Instantly he seized the hand, which was resting on a tuft of heather and swaying with the breeze. But Beatrice began to whimper like a fretful child.

“You hurt. Doan’t ye be cruel! Doan’t ye, now!”

He released the hand from pressure at once, and let it lie resting upon his, just as it had rested a moment before upon the heather.

“It’s a pincushion,” she explained, “cram-jam wi’ prickles from the gorse. You squeezed the prickles in. You can’t see them. They’re too wee.”

“But they hurt you?” he said, in a voice unmistakably tender.

“Cruel!
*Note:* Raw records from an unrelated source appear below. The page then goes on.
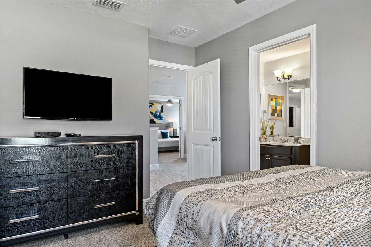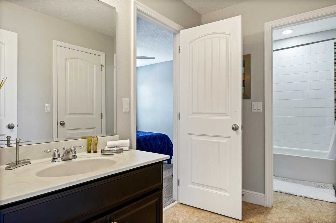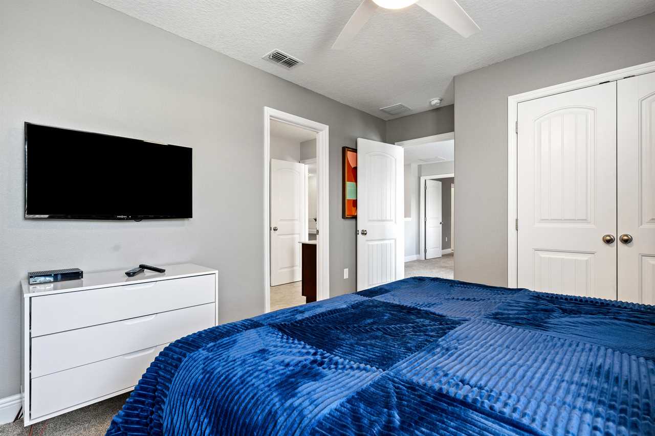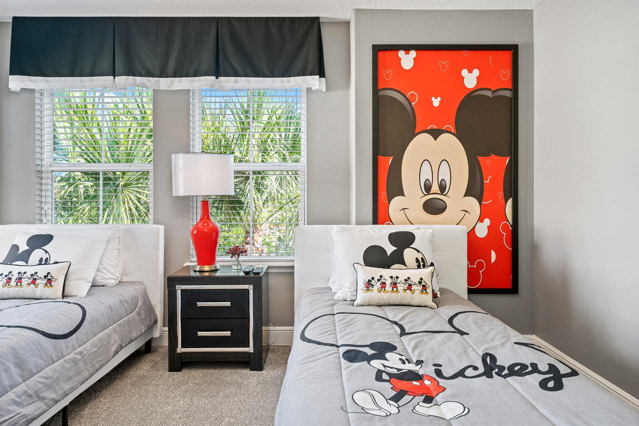 Every bedroom has its own TV so you can retire to your own favorite movie at the end of the day. The kids will love the themed bedrooms, each with two twin-sized beds. One bedroom has a space décor and the other is themed with a couple of our favorite cartoon characters. Special lighting in the space room projects the stars and constellations on the ceiling for an intergalactic effect.
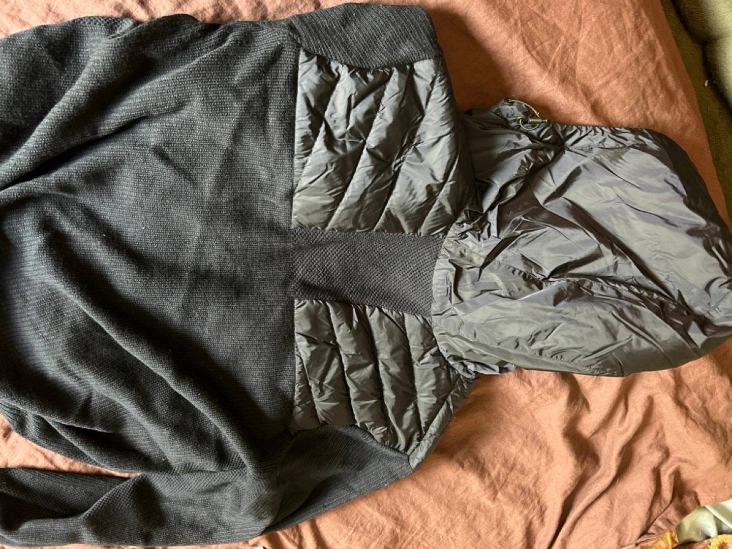 Men's navy blue Hybridge Knit jacket. Features a quilted down-filled section and a ribbed knit sweater design. Includes a hood. Excellent condition. Never worn, tags on.
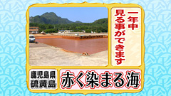 マリンブルーの海が島の付近だけ真っ赤に染まった光景。 これはプランクトンの異常発生によって起こる赤潮ではなく、 硫黄島各地で湧く温泉によって起きる現象。 温泉に含まれる鉄分が海水と混ざり、海を赤く染めているそう。 このような海は世界でも例がなく、とても貴重。 ![]() |
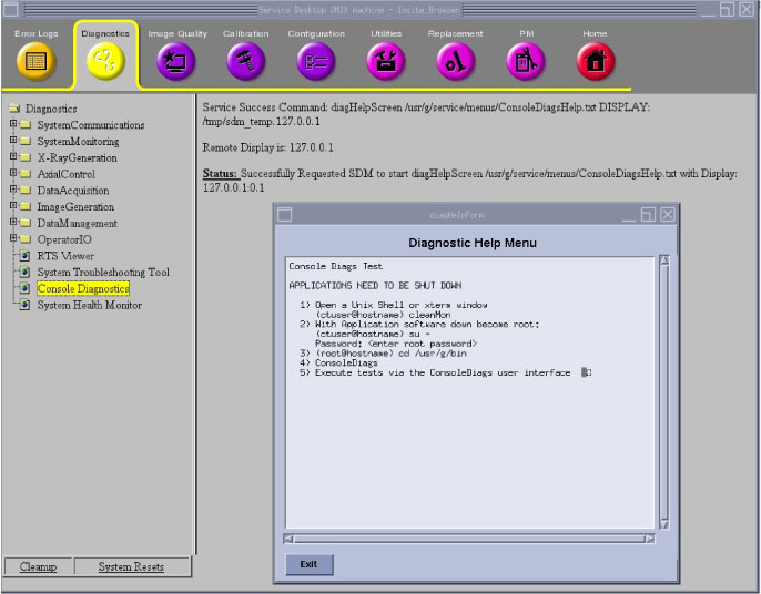 To access the Common Service Desktop, click on the Service icon, then Diagnostics, then Console Diagnostics. (See Figure 1.) Instructions are provided to shut down applications and perform manual entry in a Unix shell to invoke the diagnostic tool.
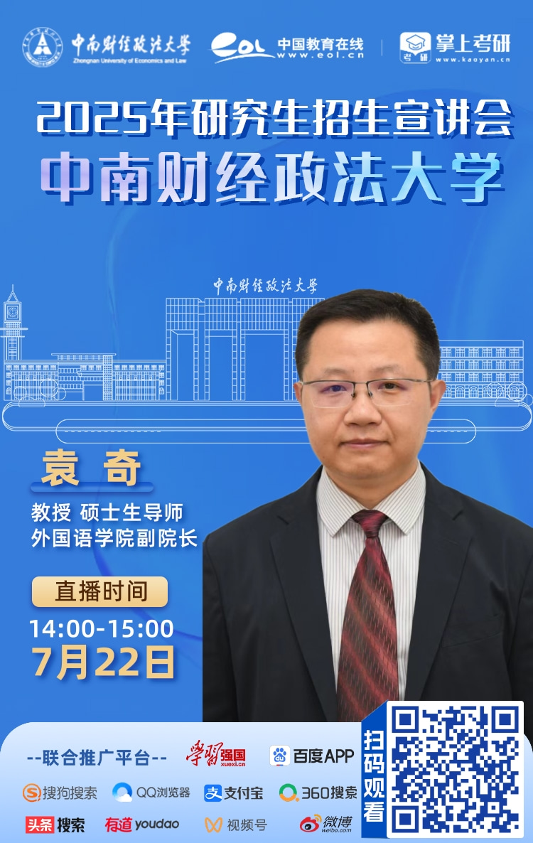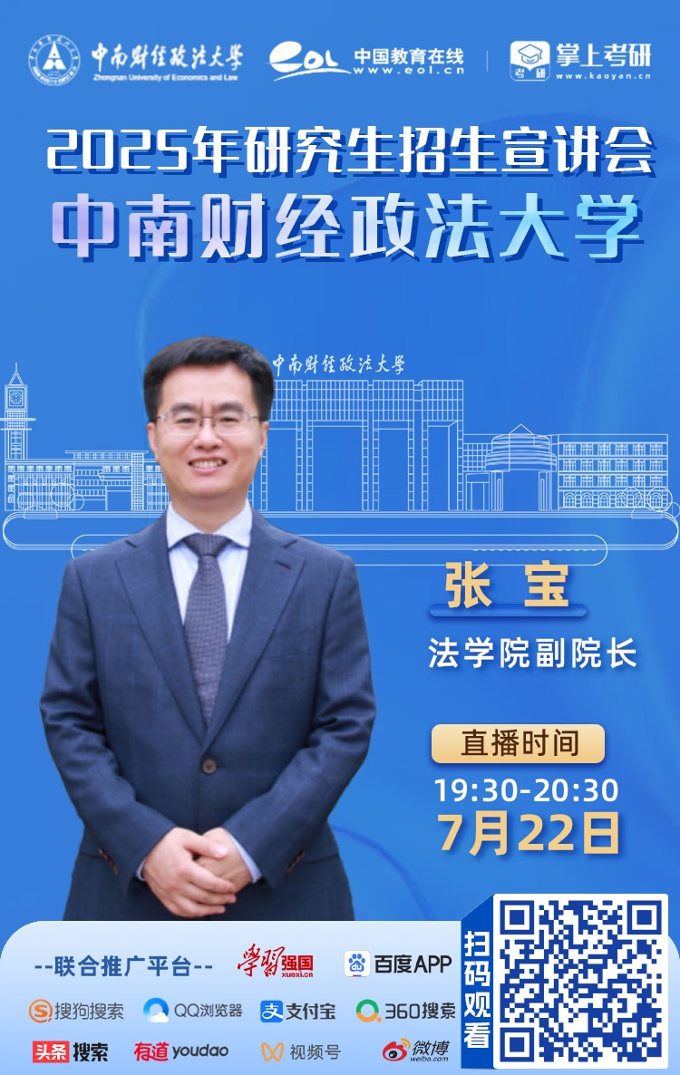 直播预告|7月22日,中南财经政法大学2025年研究生招生线上宣讲会开播!
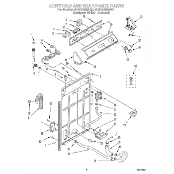 This rear panel support is the structural bracket that secures the appliance's rear cover/backguard in place. Replacing a worn or broken support restores proper alignment, helps protect internal components, and reduces vibration noise.
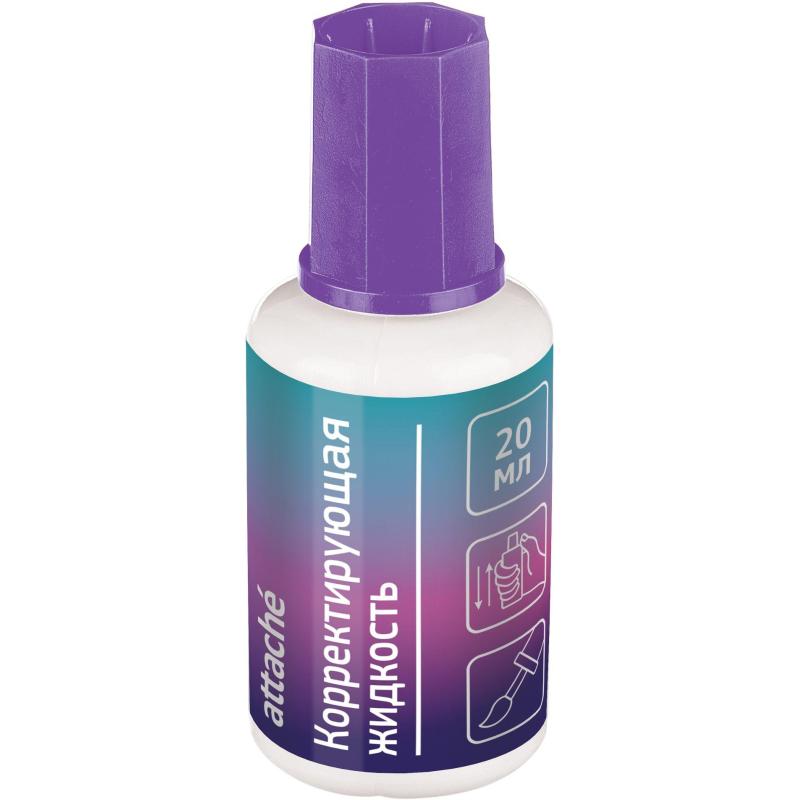 Корректирующая жидкость Attache применяется для корректировки всех типов документов, включая бумагу для факсов. Ложится ровным гладким слоем, создает непрозрачное покрытие. Имеет быстросохнущую основу. Вид кисточки — ворс. Объем флакона с корректирующей жидкостью составляет 20 мл.<br> <br> 1. Перед применением тщательно встряхните средство, затем снимите колпачок. Опустите кисть (аппликатор) во флакон и затем аккуратно выньте ее. При необходимости сотрите излишки корректирующей жидкости о внутреннюю сторону горлышка флакона, а не его край. Это позволит избежать присыхания жидкости.<br> 2. Равномерно нанесите средство на бумагу.<br> 3. После применения плотно закройте колпачок.<br> Перед использованием обязательно тщательно встряхнуть несколько раз.<br> Для максимального эффекта использовать нанесение в несколько слоев.
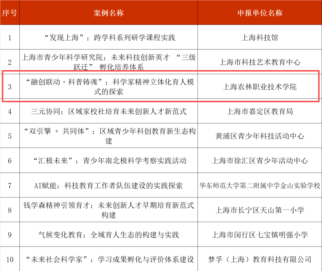 近日,由上海市科创教育指导委员会、上海市教育学会、上海市民办教育协会等五家单位联合举办的“2025上海科创教育优秀案例征集活动”评选结果正式公示。我校申报的《“融创联动·科普铸魂”:科学家精神立体化育人模式的探索》案例,从全市众多申报项目中脱颖而出,成功入选,荣获“2025上海科创教育十佳优秀案例”称号。
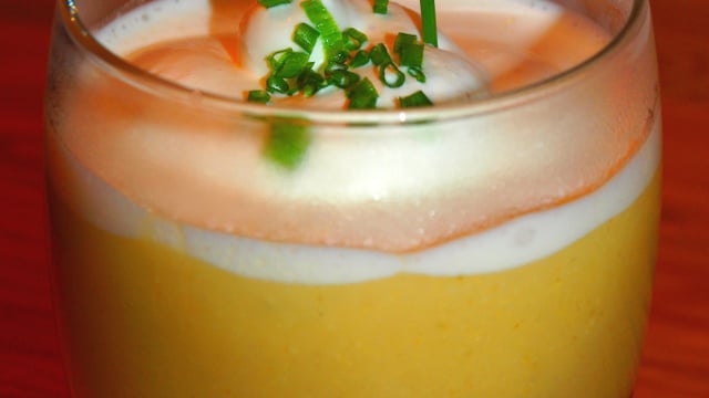 Variante mousseuse : Sans la fouetter, versez la crème dans la cocotte en fin de cuisson et portez à ébullition. Mixez la préparation en plusieurs fois au mixeur plongeant pour obtenir une mousse assez épaisse.
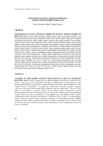 PENGENDALIAN PASCA IRADIASI TERHADAP KAPSUL SISTEM RABBIT DI RSG-GAS. Kapsul sistem rabbit berfungsi sebagai wadah sampel yang akan diiradiasi. Ada dua jenis kapsul meliputi kapsul aluminium untuk wadah sampel dengan waktu paroh panjang dan kapsul polyethylene untuk wadah sampel dengan waktu paroh pendek. Pasca iradiasi, kapsul tersebut masih dapat digunakan untuk wadah sampel berikutnya dengan syarat bahwa paparan radiasi kapsul harus dalam batas harga yang diijinkan sehingga tidak membahayakan bagi para pekerja yang menanganinya. Makalah ini membahas tentang perlakuan/ pengendalian kapsul pasca iradiasi di fasilitas sistem rabbit. Pada prinsipnya pengendalian pasca iradiasi kapsul meliputi proses dekontaminasi untuk menghilangkan kontaminan aktif yang terbentuk selama proses iradiasi sampel, dilanjutkan dengan pendinginan untuk meluruhkan aktivitas radiasinya. Dari hasil pengendalian. didapat bahwa untuk kapsul aluminium, nilai rata-rata paparan radiasi gamma sebelum dan sesudah pengendalian masing-masing adalah 8,06 mR/ jam dan 0,29 mR/ jam. Kontaminasi permukaan sebelum dan sesudah pengendalian masing-masing adalah 70,83Bq/ cm2 dan 1,35 Bq/ cm2. Untuk kapsul polyethylene nilai rata-rata paparan radiasi gamma sebelum dan sesudah pengendalian masing-masing adalah 2,26 mR/ jam dan 0,23 mR/ jam. Kontaminasi permukaan sebelum dan sesudah pengendalian masing-masing adalah 10,17 Bq/ cm2 dan 0,57 Bq/ cm2. Terbukti bahwa paparan radiasi dan nilai kontaminasi kedua jenis kapsul berkurang sangat berarti

There’s one in the top of my little finger, and it’s a beast of a prickle.”

“Let me take it out.”

“I won’t be hurt,” she declared.

“There’s only one way of getting out these gorse prickles.”

“Well?” said Beatrice resignedly.

He lifted her hand, found the tiny speck on the top of the little finger by the light of the fires, and proceeded to extract it with his teeth. Beatrice laughed a little, protested, murmured, then sighed, and finally composed herself with half-closed eyes and quivering mouth. The prickle was taken out, but there were others, and one particularly in the soft pink palm which it was very difficult to get at. The little hand was hot and grimy. It was scented with smoke and the wild fragrance of the moor. It trembled like an imprisoned bird. Some of the scratches had bled.

The fires began to die down. They had reached bogs higher up, and the night settled gradually upon the bed of heather where Beatrice reposed, sighing, and sometimes giving little moans and wriggles, when the process of extraction hurt her nerves. She did not speak until the fires within had burnt out, as those above were doing, and she began to feel that the wind was chilly and her bed damp. Then she shivered and sat up.

“My feet are so cold,” she said. “I had forgotten they were wet.”

Looking down, she suddenly became ashamed. “I didn’t know it was like that,” she murmured. “I’m a wild, careless little devil, and I lost a garter in that bog. Why shouldn’t I say so? I’m a sensible Cornish girl. I’m not a prude.” Then she looked up at Burrough winningly, but there was not much fun left in her. “Aren’t you drefful tired and stiff? I am.”

“I will take you back to the village,” Burrough replied. “I know this bit of moor, and I can steer you clear of bogs. I am so sorry about—what you have lost, and if I can help you——”

“You see, this skirt is so short. And people say such beastly things.”

Burrough was wearing knickerbockers and stout woollen stockings. He bent as he spoke, and a moment later held out a strap taken from his own leg, saying, “If this is of any use to you——”

Beatrice glanced up delightedly, with the old mischief on her face.

“Thank you very much, Sir John Burrough, K.G. Now will you please go away, mutter a Paternoster, and then come back to take me home?”